Entries shown
══════

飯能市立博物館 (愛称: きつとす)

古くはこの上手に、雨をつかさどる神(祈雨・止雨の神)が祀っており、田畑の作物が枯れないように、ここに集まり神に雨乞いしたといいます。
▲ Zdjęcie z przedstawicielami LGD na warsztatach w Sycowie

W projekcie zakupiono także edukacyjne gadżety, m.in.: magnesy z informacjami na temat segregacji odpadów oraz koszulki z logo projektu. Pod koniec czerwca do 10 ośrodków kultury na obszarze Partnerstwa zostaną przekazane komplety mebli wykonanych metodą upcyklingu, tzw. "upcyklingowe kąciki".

══════

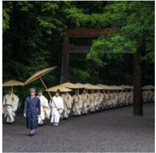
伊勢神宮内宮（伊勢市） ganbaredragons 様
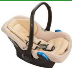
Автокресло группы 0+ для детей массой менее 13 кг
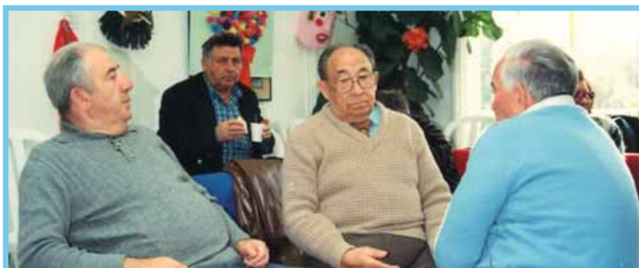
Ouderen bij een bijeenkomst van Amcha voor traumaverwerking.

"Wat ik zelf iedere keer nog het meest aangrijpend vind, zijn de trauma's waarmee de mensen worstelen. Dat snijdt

══════

Restate word for word the lines of the data above, starting at the line containing "古くはこの上手に、雨をつかさ" and ending at the line containing "W projekcie zakupiono", both included, and nothing more.

古くはこの上手に、雨をつかさどる神(祈雨・止雨の神)が祀っており、田畑の作物が枯れないように、ここに集まり神に雨乞いしたといいます。
▲ Zdjęcie z przedstawicielami LGD na warsztatach w Sycowie

W projekcie zakupiono także edukacyjne gadżety, m.in.: magnesy z informacjami na temat segregacji odpadów oraz koszulki z logo projektu. Pod koniec czerwca do 10 ośrodków kultury na obszarze Partnerstwa zostaną przekazane komplety mebli wykonanych metodą upcyklingu, tzw. "upcyklingowe kąciki".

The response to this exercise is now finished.